Within the run-time system itself, the tasks of distribution
computation, maintaining bindings, and communication are segregated
into subsystems with well defined interfaces between them.  This makes
it possible to orthogonally extend each subsystem.  Although we expect
that only a small set of binding semantics will have to be supported,
the number of distribution types needed will grow as Net-Fx is used to
coordinate non-Fx submodules.  Further, to achieve high performance,
it will be necessary to specialize the communication system for
different networks.  By clearly defining the interfaces between
subsystems, we make this specialization possible and easy.

The communication subsystem is the heart of the run-time system and
exports high-level send and receive calls to the Net-Fx program.  Well
defined interfaces connect it to the binding subsystem and the
distribution help subsystem.  The binding subsystem maps abstract
submodule and data structure identifiers into their current physical
realization and distributions, respectively.  The distribution help
subsystem performs distribution computation to convert between the
source and destination distributions and distribution types.  Because
some distribution types may not be supported directly by the
distribution help subsystem, or because a faster support function
exists, the Net-Fx program can register support functions for use by
the distribution help subsystem.  Both the registration interface and
the calling convention for such support functions are standardized so
that they are not tied to any implementation of the run-time system.

\subsection{Bindings}

In order to support the abstraction of collective intermodule communication 
and of a submodule as a set of consecutive processes, the run-time system 
must be able to bind submodule numbers and process numbers to their current 
physical realization.  Similarily, in order to perform distribution 
computation, the run-time system must be able to bind a pair of distribution 
types to the approporiate distribution computation routine.  Both 
kinds of bindings can take one of three forms: simple, static, or dynamic.  
It is determined at compile time which form a binding will take.  {\em 
Simple bindings} are canonical and represent a ``standard interface'' for 
legacy codes being used as Net-Fx tasks.  {\em Static bindings} are fully 
specified at compile time, and do not change over the course of executing 
the Net-Fx program.  Similarily, {\em dynamic bindings} are initially 
supplied at compile time, are full specifications, but may change during 
the course of execution, at the granularity of the task procedure call.

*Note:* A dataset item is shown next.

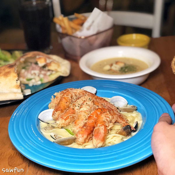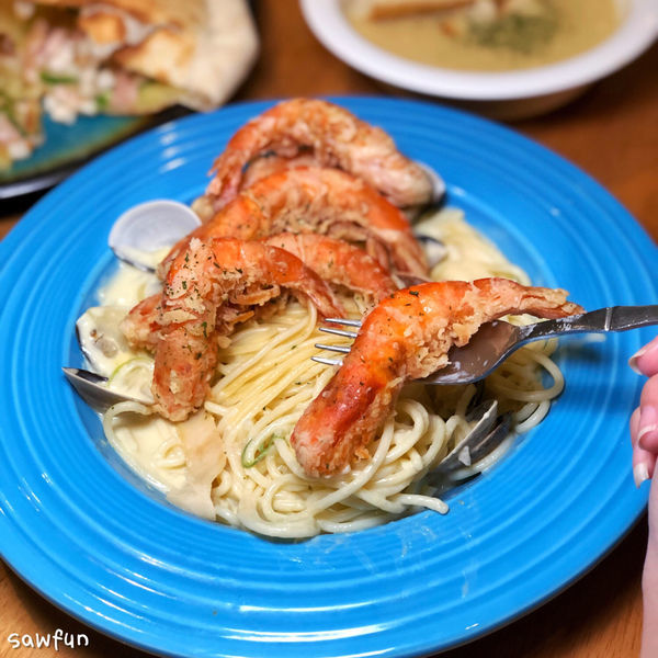 主餐我一個選很特別的烤餅跟有滿滿大蝦的Pasta🦐
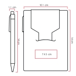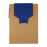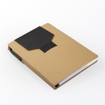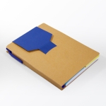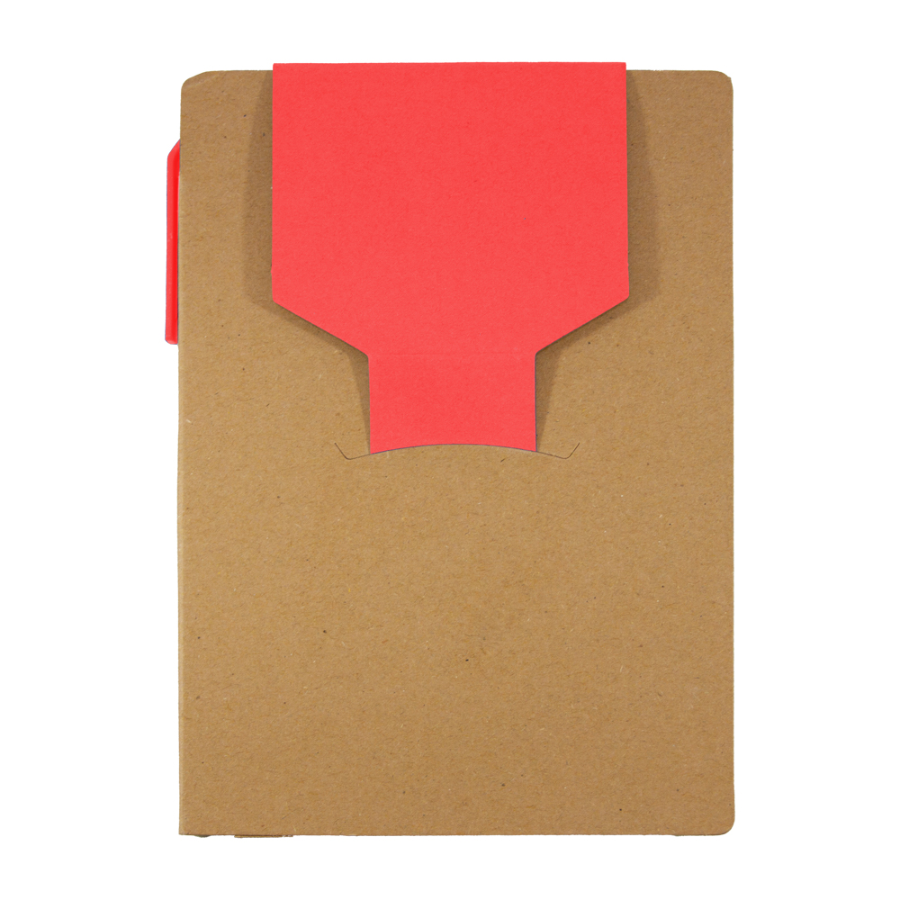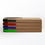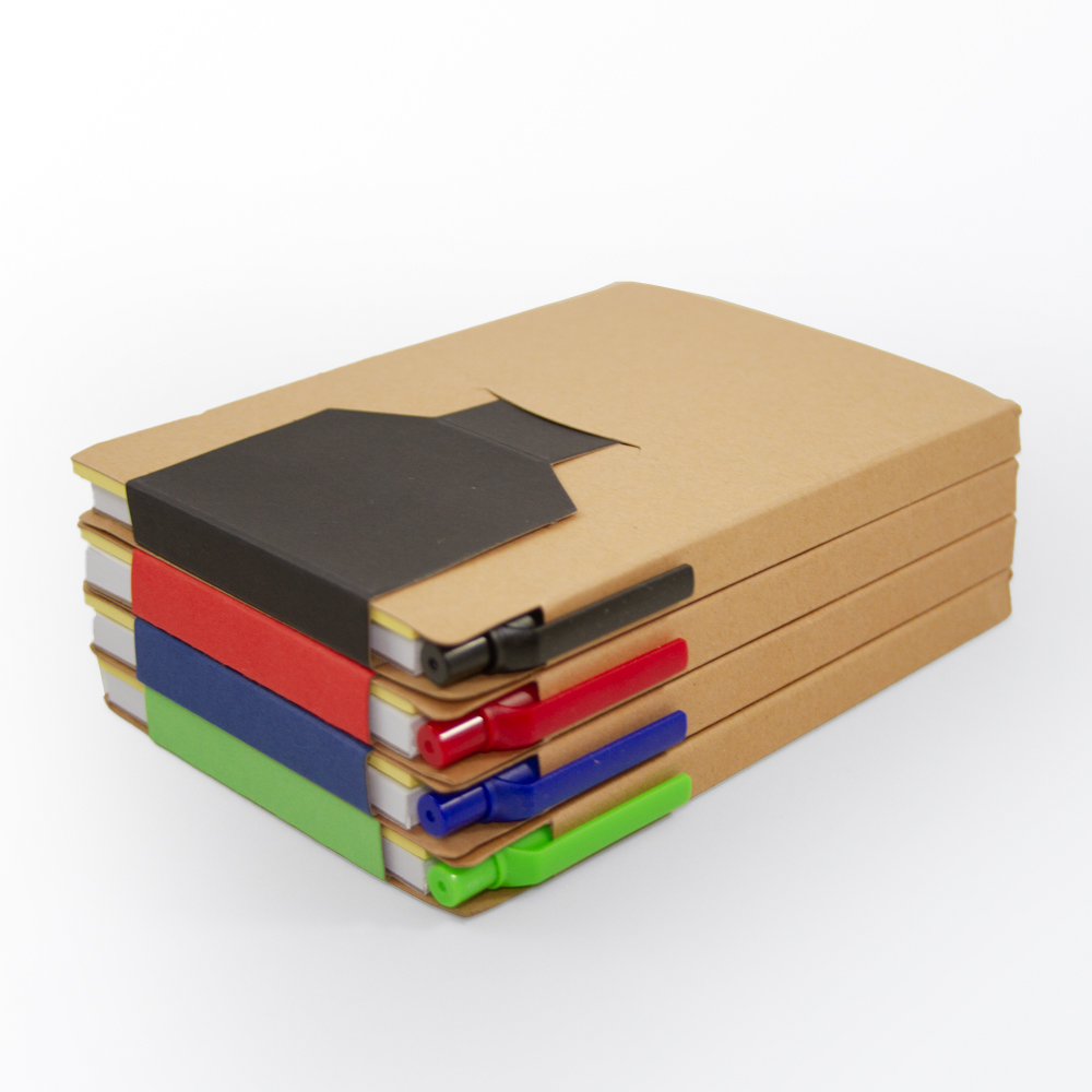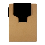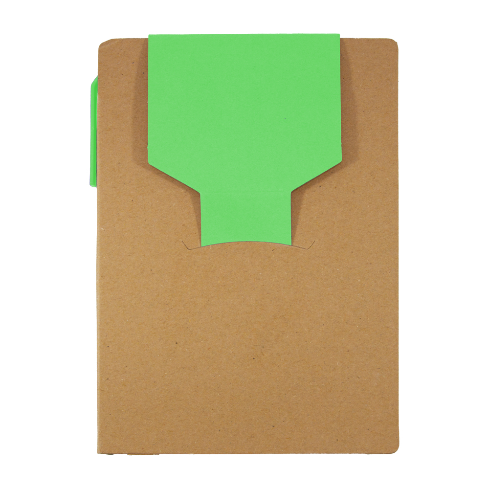 Libreta de cartón reciclado con bloc de notas de 70 hojas blancas, 2 blocs adhesivos y separadores de colores adheribles. Incluye bolígrafo ecológico con tinta negra.

A Net-Fx program consists of some number of submodules, numbered $0
\dots N_s-1$.  Submodule $m$ is composed of some number of processes
numbered $0 \dots N_m-1$ which execute on the processors of a
processor group.  A processor group is a set of processors that share
common attributes.  For example, an Intel Paragon or a workstation
cluster may be a processor group.  A pair of functions
the function
\begin{equation}
submodid \rightarrow \{simple, static, dynamic\}
\end{equation}
\begin{equation}
submodid \times process \rightarrow procgrp \times processor \times localid
\end{equation}
tell us what form the submodule binding takes, and the current binding of a 
submodule identifier process to the processor group, processor, and local 
process id of the corresponding process, respectively.  The first function 
is fixed at compile time, while the second is only initialized at compile 
time.  The communication subsystem uses the submodule bindings to decide 
how to communicate between the processes in the source and target 
submodules.  Further, the bindings are used to present the ``pool of 
consecutively numbered processes'' abstraction to the distribution help 
subsystem.

Before distribution computation can be performed, it is necessary to bind 
the source and target distribution types to the appropriate distribution 
computation routine to invoke.  This is made possible by the functions
\begin{equation}
	disttype \rightarrow \{simple, static, dynamic\} \times disttype 
	\label{}
\end{equation}
\begin{equation}
	disttype \times disttype \rightarrow routine
	\label{}
\end{equation}
The first function tells us the form of the distribution (not distribution 
type) binding and what distribution type it is an instance of, if any.  The 
second function maps from distribution types to the corresponding 
distribution computation routine to invoke.  If a distribution is bound
dynamically, the run-time system will determine the current distribution
before performing distribution computation.  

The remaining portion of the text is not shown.